Your objective - What you produce should be an exact transcription of the data, minus any pictures.
START Data segment
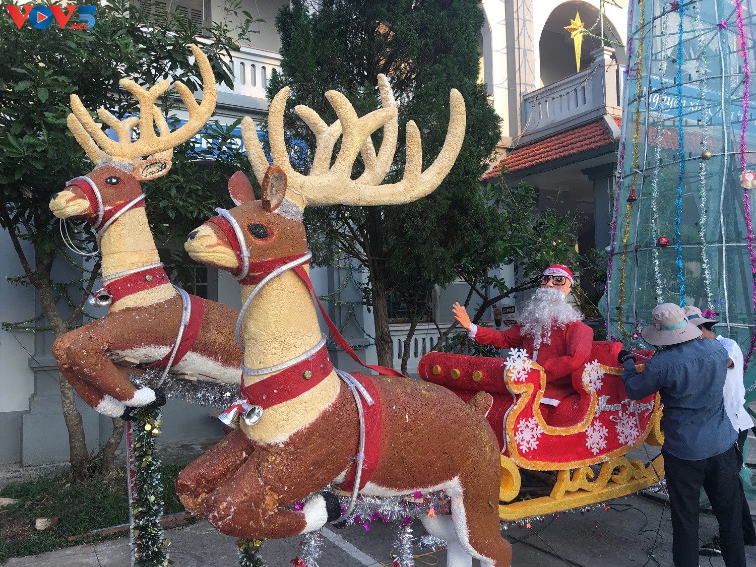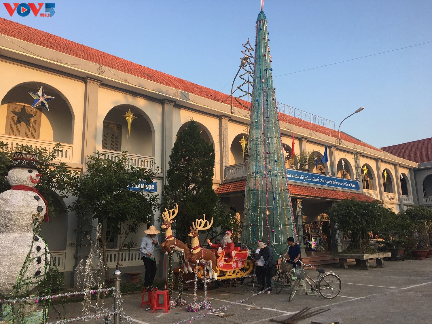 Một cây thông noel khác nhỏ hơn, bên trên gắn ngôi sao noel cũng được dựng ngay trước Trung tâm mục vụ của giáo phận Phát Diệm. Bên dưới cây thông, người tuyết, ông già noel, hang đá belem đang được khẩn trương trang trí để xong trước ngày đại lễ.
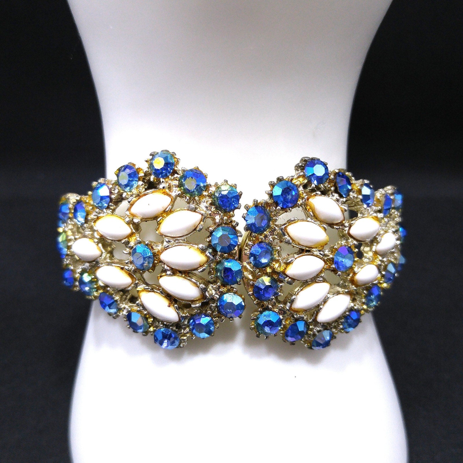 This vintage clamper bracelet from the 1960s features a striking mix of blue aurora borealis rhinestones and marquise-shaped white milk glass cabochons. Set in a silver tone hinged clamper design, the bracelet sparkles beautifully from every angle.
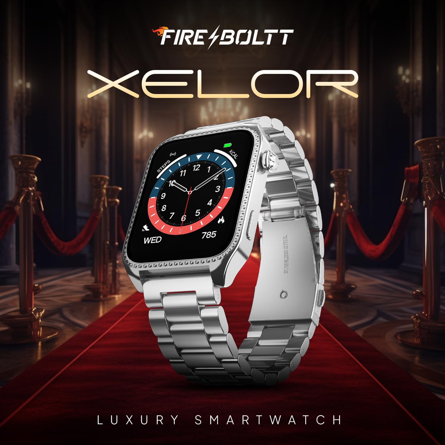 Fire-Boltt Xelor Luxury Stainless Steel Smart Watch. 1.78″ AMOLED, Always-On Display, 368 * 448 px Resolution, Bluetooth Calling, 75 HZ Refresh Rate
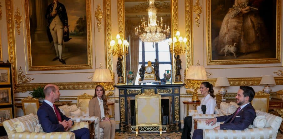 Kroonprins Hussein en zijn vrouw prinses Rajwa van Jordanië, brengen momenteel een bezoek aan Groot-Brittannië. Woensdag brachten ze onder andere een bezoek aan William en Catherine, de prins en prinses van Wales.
END Data segment
Result for this exercise -
 Một cây thông noel khác nhỏ hơn, bên trên gắn ngôi sao noel cũng được dựng ngay trước Trung tâm mục vụ của giáo phận Phát Diệm. Bên dưới cây thông, người tuyết, ông già noel, hang đá belem đang được khẩn trương trang trí để xong trước ngày đại lễ.
 This vintage clamper bracelet from the 1960s features a striking mix of blue aurora borealis rhinestones and marquise-shaped white milk glass cabochons. Set in a silver tone hinged clamper design, the bracelet sparkles beautifully from every angle.
 Fire-Boltt Xelor Luxury Stainless Steel Smart Watch. 1.78″ AMOLED, Always-On Display, 368 * 448 px Resolution, Bluetooth Calling, 75 HZ Refresh Rate
 Kroonprins Hussein en zijn vrouw prinses Rajwa van Jordanië, brengen momenteel een bezoek aan Groot-Brittannië. Woensdag brachten ze onder andere een bezoek aan William en Catherine, de prins en prinses van Wales.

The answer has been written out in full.